The company has solid growth and beat the Street consensus on multiple metrics including revenue, operating margin and an overall improved balance sheet. But the real story here is footwear.
Under Armour has tried twice before with footwear and has essentially fallen flat. After all, who needs another Reebok/Nike/Puma/etc., right? This time around, with the introduction of their Spine Technology, used in the Spine line of running shoes, revenue is off to a solid start.
Footwear revenue came in +44% vs. +26% though only 12% of sales. This is where they have the biggest opportunity given they’ve fallen short on the execution and design side in the past. Now they’re crushing it and they just released their best product yet which is just starting to drive sales. Consumers are definitely getting excited about UA sneakers.

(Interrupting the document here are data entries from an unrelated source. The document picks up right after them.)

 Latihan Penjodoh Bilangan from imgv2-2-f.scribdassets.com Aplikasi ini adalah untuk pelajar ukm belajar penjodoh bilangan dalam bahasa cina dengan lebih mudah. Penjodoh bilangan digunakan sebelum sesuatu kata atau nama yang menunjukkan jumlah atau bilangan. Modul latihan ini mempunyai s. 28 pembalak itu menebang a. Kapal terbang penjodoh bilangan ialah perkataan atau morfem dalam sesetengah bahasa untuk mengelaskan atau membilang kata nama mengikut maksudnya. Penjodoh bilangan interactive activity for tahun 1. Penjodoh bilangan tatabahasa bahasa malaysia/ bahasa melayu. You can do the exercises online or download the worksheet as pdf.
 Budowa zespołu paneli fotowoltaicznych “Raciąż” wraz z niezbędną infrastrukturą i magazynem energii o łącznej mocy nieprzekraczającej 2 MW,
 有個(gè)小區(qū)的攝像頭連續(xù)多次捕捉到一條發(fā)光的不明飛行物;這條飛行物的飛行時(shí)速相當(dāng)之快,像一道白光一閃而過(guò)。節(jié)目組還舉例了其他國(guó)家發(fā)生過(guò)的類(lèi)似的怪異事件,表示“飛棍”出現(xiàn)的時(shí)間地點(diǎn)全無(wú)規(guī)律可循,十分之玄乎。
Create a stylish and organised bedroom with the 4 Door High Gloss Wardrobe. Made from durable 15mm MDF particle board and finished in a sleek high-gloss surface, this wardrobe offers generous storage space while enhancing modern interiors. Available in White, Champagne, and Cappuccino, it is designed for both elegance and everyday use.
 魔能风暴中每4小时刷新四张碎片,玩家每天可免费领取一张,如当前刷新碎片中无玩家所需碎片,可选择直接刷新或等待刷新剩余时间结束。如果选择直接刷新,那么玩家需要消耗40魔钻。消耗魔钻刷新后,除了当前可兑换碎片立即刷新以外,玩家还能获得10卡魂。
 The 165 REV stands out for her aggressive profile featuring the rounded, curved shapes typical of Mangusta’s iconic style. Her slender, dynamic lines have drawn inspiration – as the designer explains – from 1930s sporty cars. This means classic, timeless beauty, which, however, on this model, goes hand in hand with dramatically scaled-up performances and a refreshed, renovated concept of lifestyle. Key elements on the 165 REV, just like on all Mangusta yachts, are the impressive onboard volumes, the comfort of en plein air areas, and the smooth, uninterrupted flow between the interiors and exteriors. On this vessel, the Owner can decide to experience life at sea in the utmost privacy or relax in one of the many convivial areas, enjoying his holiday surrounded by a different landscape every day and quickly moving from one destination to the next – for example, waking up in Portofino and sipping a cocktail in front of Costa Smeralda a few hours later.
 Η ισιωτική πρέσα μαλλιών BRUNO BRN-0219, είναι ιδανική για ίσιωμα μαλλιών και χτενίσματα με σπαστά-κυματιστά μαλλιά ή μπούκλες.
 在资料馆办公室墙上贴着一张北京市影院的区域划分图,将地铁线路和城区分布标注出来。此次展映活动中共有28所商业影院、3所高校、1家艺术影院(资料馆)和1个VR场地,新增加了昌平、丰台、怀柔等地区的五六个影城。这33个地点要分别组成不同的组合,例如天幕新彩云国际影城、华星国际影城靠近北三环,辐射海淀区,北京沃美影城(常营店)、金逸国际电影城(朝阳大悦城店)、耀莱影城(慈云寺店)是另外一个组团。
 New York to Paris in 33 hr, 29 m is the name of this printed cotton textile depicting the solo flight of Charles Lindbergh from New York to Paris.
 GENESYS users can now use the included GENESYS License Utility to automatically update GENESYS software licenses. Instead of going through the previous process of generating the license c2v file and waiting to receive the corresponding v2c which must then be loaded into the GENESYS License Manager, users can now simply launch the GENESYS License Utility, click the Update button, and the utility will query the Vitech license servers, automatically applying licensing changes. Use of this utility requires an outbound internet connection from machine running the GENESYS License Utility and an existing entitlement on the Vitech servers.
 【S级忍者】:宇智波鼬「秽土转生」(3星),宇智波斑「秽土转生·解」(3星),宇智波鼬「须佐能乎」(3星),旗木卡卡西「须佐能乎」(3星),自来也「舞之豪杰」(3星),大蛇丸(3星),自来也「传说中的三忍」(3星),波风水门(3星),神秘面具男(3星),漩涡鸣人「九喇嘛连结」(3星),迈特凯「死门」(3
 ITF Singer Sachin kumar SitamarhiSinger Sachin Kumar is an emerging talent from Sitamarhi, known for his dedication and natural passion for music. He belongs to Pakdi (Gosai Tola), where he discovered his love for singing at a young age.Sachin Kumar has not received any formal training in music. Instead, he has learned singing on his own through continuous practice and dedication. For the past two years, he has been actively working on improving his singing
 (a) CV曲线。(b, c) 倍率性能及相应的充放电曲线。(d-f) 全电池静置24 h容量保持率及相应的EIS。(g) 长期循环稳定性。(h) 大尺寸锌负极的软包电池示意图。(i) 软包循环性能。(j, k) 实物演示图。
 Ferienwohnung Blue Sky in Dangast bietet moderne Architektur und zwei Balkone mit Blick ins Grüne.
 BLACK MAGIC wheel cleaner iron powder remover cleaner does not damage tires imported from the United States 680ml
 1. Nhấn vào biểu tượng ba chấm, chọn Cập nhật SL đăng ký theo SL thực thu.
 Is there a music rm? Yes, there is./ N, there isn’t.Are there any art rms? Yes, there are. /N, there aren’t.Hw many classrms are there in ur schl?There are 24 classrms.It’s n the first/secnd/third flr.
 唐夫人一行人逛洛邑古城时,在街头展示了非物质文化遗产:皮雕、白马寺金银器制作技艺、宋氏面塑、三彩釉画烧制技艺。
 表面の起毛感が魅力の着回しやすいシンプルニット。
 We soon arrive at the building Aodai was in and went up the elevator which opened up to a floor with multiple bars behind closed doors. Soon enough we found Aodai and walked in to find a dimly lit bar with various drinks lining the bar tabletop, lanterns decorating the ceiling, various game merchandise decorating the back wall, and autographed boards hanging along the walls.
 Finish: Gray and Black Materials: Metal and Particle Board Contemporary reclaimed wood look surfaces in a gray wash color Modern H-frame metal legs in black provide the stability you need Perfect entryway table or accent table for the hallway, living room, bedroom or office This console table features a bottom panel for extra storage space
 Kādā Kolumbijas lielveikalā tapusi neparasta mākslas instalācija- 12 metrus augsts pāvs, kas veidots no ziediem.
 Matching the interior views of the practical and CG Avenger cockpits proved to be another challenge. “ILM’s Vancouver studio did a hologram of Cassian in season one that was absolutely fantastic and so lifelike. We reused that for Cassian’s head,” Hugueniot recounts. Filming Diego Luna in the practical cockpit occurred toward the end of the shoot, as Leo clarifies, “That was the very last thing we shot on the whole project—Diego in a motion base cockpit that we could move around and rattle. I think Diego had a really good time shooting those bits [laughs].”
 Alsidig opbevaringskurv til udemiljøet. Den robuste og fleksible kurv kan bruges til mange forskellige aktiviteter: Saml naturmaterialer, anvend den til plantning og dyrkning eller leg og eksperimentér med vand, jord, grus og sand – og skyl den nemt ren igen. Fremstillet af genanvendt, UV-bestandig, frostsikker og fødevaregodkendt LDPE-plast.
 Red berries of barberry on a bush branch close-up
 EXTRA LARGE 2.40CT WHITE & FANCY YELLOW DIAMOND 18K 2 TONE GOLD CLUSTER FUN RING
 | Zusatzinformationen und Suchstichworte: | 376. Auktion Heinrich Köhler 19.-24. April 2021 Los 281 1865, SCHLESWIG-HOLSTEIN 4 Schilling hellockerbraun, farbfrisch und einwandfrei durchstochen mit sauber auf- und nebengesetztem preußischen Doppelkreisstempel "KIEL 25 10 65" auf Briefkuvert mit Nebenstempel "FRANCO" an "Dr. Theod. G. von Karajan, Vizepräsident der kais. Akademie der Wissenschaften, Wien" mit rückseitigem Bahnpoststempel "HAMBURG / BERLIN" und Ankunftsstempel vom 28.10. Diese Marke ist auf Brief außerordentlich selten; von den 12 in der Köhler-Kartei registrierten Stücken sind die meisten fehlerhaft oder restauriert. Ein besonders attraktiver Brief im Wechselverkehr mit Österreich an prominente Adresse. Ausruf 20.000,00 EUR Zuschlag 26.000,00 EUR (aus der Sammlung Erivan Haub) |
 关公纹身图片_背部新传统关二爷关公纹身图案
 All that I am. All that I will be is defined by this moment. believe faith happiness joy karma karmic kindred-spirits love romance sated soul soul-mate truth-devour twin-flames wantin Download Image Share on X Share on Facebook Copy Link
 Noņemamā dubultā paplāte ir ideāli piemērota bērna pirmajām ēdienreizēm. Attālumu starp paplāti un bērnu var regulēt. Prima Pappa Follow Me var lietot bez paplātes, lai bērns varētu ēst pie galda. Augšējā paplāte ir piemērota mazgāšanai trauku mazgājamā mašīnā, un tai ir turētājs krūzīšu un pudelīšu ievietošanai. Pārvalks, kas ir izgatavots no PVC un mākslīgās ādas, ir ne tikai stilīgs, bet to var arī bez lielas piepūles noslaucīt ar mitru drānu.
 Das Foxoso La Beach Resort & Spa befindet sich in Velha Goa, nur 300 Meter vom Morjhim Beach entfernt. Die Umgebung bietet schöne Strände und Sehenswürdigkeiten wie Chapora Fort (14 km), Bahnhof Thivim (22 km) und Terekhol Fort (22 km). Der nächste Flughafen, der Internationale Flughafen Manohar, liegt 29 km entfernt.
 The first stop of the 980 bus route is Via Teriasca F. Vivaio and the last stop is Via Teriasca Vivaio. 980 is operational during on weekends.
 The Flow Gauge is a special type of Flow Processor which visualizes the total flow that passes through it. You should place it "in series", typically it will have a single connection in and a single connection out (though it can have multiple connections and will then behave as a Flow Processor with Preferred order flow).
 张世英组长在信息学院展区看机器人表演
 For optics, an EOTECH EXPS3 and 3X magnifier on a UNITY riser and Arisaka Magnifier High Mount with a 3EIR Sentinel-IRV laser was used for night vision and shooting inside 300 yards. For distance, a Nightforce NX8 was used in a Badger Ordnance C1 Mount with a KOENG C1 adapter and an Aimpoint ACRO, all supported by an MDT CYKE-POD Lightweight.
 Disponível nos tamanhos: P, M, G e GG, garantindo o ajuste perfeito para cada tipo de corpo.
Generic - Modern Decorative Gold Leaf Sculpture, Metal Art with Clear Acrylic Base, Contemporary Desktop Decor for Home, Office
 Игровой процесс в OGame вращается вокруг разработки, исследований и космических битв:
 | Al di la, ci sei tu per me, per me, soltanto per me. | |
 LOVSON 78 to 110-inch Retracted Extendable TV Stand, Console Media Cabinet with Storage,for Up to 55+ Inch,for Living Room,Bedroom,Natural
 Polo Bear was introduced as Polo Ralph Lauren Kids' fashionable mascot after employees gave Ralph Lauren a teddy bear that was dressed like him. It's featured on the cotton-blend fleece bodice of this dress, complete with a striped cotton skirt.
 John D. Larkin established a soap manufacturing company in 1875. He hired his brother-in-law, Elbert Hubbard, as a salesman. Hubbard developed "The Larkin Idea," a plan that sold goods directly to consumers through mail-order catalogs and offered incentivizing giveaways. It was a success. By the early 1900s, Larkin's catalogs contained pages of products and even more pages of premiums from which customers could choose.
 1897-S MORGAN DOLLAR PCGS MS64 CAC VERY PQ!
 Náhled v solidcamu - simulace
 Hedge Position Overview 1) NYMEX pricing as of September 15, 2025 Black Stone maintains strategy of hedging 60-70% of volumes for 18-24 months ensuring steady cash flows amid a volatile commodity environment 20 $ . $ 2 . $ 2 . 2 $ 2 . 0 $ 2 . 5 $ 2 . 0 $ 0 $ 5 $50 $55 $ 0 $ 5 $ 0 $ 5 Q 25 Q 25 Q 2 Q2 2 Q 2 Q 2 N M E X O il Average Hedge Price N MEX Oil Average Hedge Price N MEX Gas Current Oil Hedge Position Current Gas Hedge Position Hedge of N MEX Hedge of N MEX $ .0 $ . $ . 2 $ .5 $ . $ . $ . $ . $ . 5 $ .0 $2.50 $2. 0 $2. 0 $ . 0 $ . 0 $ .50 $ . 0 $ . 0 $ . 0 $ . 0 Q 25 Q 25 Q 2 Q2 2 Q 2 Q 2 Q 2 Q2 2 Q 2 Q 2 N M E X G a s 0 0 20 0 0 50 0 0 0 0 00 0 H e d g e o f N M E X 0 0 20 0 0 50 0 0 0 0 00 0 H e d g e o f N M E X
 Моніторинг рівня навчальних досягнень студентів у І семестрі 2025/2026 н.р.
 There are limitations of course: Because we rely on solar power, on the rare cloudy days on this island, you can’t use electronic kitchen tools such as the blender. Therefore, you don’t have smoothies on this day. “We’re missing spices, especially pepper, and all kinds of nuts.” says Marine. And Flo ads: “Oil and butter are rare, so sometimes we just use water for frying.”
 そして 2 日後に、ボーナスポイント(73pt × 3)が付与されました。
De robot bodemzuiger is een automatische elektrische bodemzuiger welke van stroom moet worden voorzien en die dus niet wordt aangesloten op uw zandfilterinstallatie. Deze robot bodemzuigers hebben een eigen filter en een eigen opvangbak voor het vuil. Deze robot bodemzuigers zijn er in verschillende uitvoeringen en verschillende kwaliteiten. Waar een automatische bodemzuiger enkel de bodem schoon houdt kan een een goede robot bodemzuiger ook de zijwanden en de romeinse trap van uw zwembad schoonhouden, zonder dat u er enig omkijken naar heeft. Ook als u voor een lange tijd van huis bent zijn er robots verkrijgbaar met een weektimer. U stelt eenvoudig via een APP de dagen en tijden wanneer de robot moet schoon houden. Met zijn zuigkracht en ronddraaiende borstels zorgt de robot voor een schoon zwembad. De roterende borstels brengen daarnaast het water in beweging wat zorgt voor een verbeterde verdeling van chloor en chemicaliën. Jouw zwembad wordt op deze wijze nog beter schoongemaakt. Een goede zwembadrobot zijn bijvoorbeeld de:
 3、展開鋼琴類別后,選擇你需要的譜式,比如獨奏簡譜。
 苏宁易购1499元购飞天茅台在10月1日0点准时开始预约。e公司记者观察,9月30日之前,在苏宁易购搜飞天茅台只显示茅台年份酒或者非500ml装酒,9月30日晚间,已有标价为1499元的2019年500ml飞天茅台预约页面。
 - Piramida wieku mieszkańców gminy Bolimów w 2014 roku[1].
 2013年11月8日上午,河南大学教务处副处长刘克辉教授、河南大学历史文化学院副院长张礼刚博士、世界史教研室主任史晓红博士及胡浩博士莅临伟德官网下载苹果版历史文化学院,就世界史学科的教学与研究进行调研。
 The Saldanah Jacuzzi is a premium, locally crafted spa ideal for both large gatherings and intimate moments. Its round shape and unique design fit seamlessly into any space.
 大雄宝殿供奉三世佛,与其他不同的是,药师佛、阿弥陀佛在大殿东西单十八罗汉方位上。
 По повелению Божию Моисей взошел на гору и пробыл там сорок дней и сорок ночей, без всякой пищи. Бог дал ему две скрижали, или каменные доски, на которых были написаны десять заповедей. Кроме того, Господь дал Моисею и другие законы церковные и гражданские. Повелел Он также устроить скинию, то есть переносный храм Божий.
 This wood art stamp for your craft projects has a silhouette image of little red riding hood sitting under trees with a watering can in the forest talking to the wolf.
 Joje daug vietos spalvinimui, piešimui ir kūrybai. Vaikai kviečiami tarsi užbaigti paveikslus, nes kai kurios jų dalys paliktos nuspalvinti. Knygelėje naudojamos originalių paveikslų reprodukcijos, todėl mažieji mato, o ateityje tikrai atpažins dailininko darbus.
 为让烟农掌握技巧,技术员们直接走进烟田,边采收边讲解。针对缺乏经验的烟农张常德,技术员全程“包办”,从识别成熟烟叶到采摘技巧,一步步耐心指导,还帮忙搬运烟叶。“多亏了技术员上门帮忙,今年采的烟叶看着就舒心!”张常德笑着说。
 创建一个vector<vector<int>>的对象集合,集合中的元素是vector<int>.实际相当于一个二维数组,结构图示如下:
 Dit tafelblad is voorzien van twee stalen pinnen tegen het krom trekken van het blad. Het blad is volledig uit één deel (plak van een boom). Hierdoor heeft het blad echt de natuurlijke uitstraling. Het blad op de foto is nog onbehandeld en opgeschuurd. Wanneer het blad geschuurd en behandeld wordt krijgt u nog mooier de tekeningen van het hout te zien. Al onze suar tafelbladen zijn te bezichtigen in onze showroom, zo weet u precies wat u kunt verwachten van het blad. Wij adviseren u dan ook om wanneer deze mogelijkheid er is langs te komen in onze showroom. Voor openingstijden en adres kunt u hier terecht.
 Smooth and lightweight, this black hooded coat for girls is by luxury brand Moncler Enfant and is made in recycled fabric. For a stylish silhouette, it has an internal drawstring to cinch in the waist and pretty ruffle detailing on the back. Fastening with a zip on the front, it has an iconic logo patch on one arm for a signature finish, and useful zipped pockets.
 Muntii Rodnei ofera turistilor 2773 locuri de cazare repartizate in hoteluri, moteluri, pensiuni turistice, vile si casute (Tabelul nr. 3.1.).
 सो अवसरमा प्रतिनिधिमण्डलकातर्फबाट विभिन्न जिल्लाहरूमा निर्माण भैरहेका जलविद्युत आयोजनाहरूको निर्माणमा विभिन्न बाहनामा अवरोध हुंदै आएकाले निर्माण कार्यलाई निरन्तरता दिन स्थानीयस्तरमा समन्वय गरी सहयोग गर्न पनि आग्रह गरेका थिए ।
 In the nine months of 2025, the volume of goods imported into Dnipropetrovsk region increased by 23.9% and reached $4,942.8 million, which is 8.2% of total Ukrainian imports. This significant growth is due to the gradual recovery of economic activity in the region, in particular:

Keep in mind footwear is at a lower margin than apparel so as market penetration grows, it will pressure margins but at the same time, UA will offset this as they grow out their direct-to-consumer business vs. wholesale which carries an even higher margin.
Another note to keep in mind is that UA will bring the Spine technology over to their professional athletic apparel. Football and basketball shoes will get the Spine treatment soon enough; there’s always room for endorsements from all star athletes, too.